▶ _REQUIRED ACTION_: Below, locate the line that contains "If you desire". Repeat exactly from that line to the line that contains "背部带有磁吸,可以放置遥控器", inclusive, leaving out the pictures.

[MATERIAL FOR THIS TASK Boundary: Start]

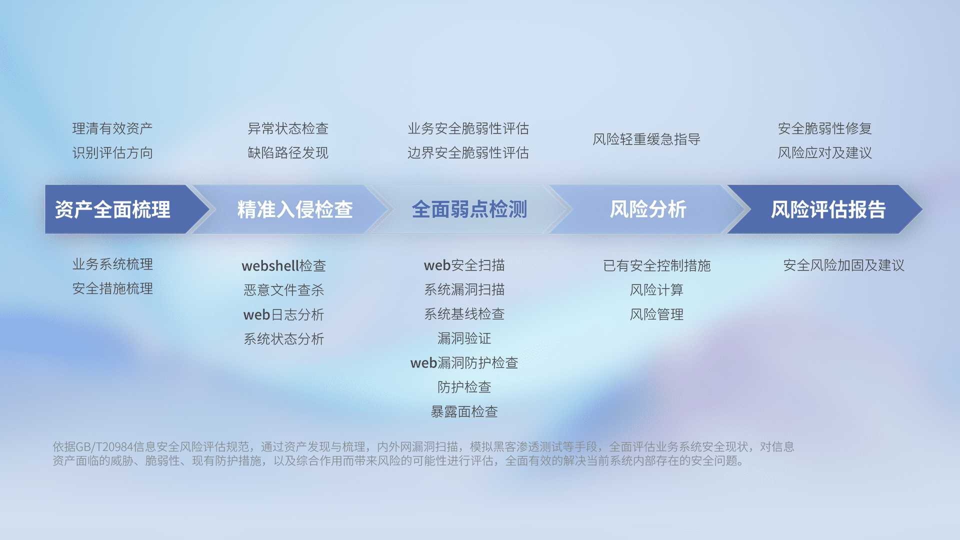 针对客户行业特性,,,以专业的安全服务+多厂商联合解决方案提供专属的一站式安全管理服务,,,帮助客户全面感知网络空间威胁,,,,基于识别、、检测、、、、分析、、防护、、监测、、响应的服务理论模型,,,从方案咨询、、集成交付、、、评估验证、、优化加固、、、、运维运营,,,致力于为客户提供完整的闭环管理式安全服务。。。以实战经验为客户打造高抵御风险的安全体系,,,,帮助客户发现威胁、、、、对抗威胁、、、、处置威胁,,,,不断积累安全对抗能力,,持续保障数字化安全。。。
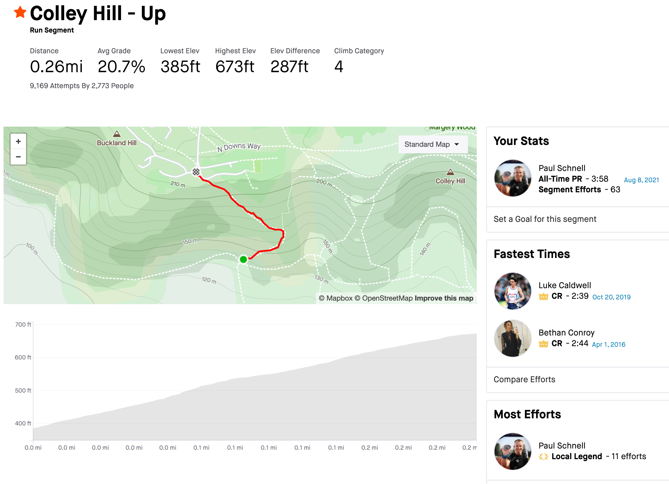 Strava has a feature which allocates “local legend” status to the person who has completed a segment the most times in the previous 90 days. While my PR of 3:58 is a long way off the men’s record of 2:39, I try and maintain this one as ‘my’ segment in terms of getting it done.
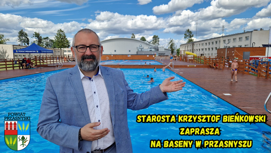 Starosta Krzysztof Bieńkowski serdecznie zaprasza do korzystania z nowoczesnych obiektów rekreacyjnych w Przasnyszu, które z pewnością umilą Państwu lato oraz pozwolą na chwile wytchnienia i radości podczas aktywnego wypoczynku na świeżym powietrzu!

[MATERIAL FOR THIS TASK Boundary: End]
[MATERIAL FOR THIS TASK Boundary: Start]

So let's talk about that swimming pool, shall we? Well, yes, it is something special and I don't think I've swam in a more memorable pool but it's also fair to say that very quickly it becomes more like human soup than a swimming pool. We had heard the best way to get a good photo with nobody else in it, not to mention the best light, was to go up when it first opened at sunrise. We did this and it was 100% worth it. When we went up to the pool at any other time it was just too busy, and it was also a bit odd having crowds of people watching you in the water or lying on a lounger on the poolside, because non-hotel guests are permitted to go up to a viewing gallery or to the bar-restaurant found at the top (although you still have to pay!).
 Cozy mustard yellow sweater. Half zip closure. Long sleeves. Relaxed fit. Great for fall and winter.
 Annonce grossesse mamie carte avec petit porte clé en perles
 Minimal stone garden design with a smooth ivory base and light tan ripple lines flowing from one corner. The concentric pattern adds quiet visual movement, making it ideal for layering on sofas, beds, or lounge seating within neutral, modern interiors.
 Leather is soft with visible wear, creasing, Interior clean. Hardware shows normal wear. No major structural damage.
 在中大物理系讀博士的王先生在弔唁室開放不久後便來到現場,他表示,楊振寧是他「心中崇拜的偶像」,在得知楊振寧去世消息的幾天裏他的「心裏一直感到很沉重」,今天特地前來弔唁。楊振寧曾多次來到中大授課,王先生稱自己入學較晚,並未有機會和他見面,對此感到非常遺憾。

[MATERIAL FOR THIS TASK Boundary: End]
[MATERIAL FOR THIS TASK Boundary: Start]

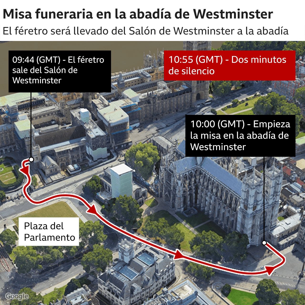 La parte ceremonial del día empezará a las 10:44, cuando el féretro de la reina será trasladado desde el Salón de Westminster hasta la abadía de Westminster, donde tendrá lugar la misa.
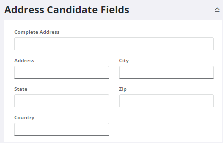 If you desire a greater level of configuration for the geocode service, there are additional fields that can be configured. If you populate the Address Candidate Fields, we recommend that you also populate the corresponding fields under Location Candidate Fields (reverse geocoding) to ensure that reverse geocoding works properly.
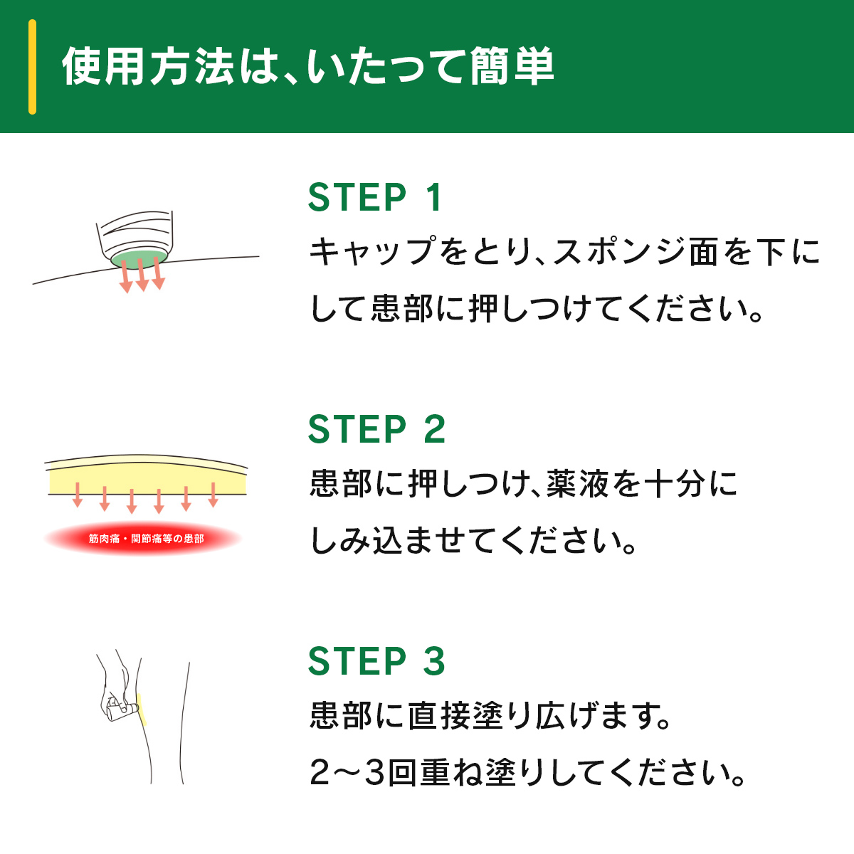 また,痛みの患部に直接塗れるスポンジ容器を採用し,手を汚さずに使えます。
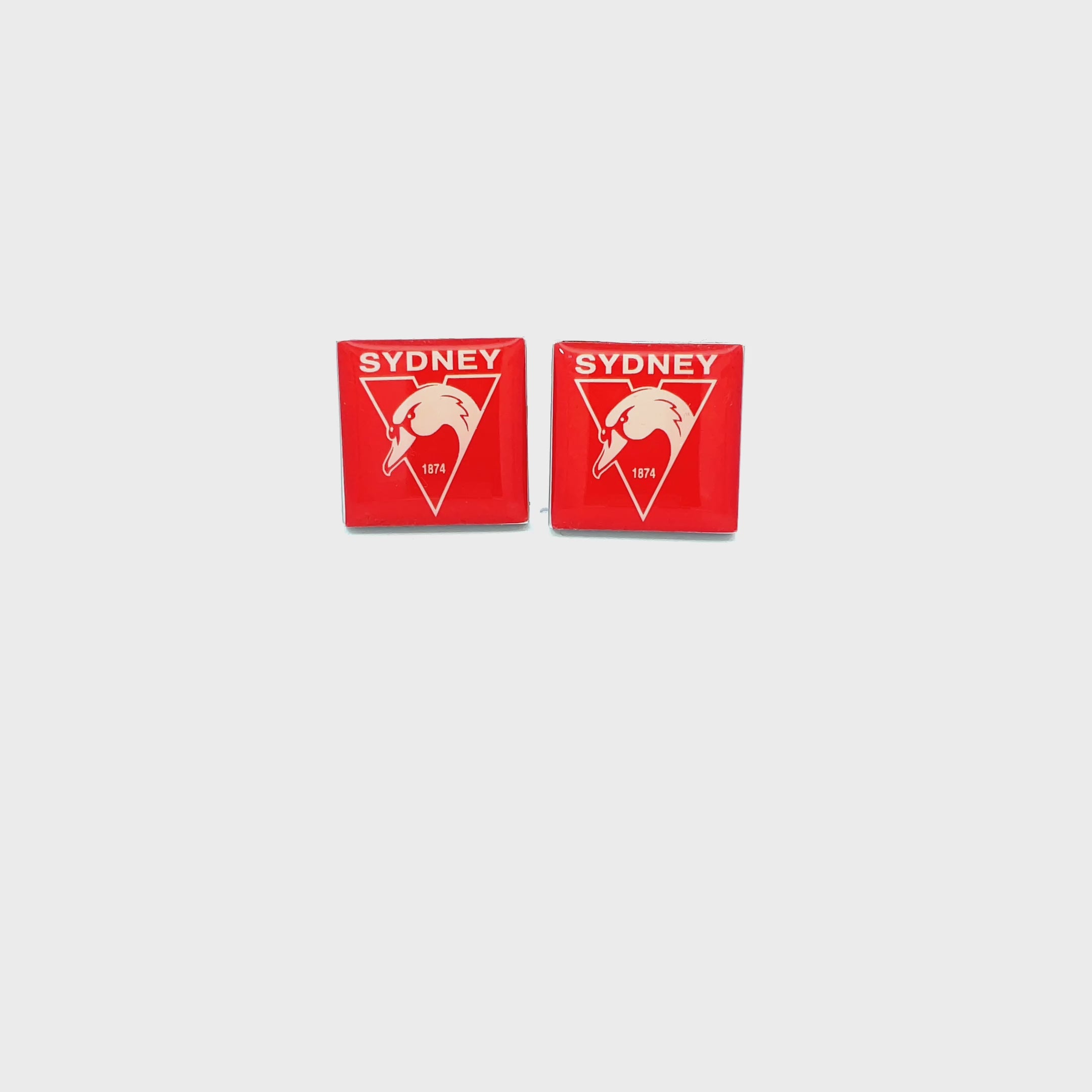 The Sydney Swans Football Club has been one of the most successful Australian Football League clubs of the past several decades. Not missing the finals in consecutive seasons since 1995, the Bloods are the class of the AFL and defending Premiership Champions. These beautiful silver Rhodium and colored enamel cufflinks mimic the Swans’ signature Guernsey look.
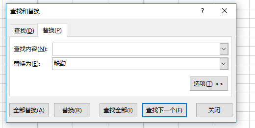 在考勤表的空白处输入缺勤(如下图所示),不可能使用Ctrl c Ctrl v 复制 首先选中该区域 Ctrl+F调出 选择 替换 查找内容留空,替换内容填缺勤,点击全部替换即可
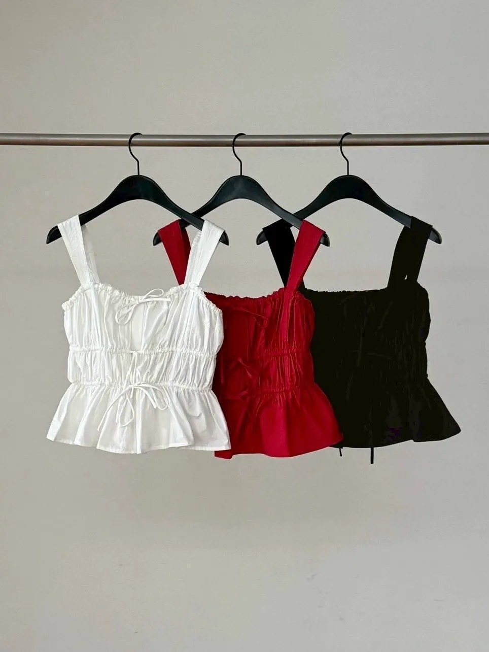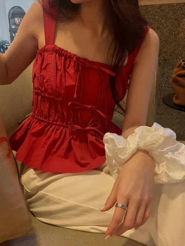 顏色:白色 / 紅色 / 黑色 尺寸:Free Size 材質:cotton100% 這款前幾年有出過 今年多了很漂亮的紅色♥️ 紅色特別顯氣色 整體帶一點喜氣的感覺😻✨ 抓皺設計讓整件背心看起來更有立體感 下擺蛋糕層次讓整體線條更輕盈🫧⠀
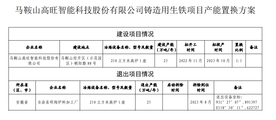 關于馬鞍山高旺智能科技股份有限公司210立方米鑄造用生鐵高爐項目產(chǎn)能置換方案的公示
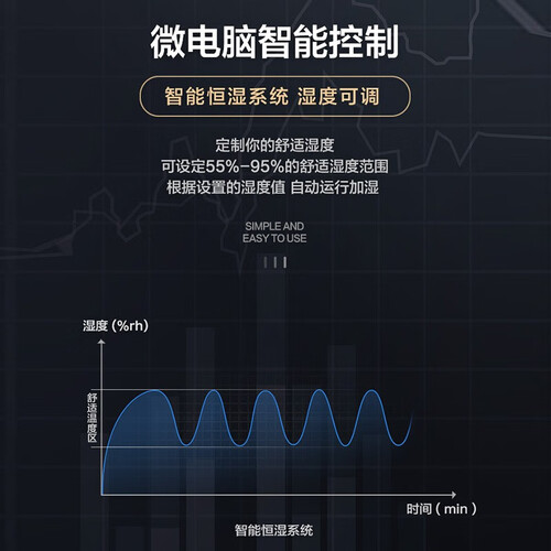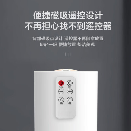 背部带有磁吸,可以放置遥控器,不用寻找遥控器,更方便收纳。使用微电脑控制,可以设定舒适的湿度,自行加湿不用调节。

[MATERIAL FOR THIS TASK Boundary: End]

▶ _PROBLEM SOLUTION_:
 If you desire a greater level of configuration for the geocode service, there are additional fields that can be configured. If you populate the Address Candidate Fields, we recommend that you also populate the corresponding fields under Location Candidate Fields (reverse geocoding) to ensure that reverse geocoding works properly.
 また,痛みの患部に直接塗れるスポンジ容器を採用し,手を汚さずに使えます。
 The Sydney Swans Football Club has been one of the most successful Australian Football League clubs of the past several decades. Not missing the finals in consecutive seasons since 1995, the Bloods are the class of the AFL and defending Premiership Champions. These beautiful silver Rhodium and colored enamel cufflinks mimic the Swans’ signature Guernsey look.
 在考勤表的空白处输入缺勤(如下图所示),不可能使用Ctrl c Ctrl v 复制 首先选中该区域 Ctrl+F调出 选择 替换 查找内容留空,替换内容填缺勤,点击全部替换即可
 顏色:白色 / 紅色 / 黑色 尺寸:Free Size 材質:cotton100% 這款前幾年有出過 今年多了很漂亮的紅色♥️ 紅色特別顯氣色 整體帶一點喜氣的感覺😻✨ 抓皺設計讓整件背心看起來更有立體感 下擺蛋糕層次讓整體線條更輕盈🫧⠀
 關于馬鞍山高旺智能科技股份有限公司210立方米鑄造用生鐵高爐項目產(chǎn)能置換方案的公示
 背部带有磁吸,可以放置遥控器,不用寻找遥控器,更方便收纳。使用微电脑控制,可以设定舒适的湿度,自行加湿不用调节。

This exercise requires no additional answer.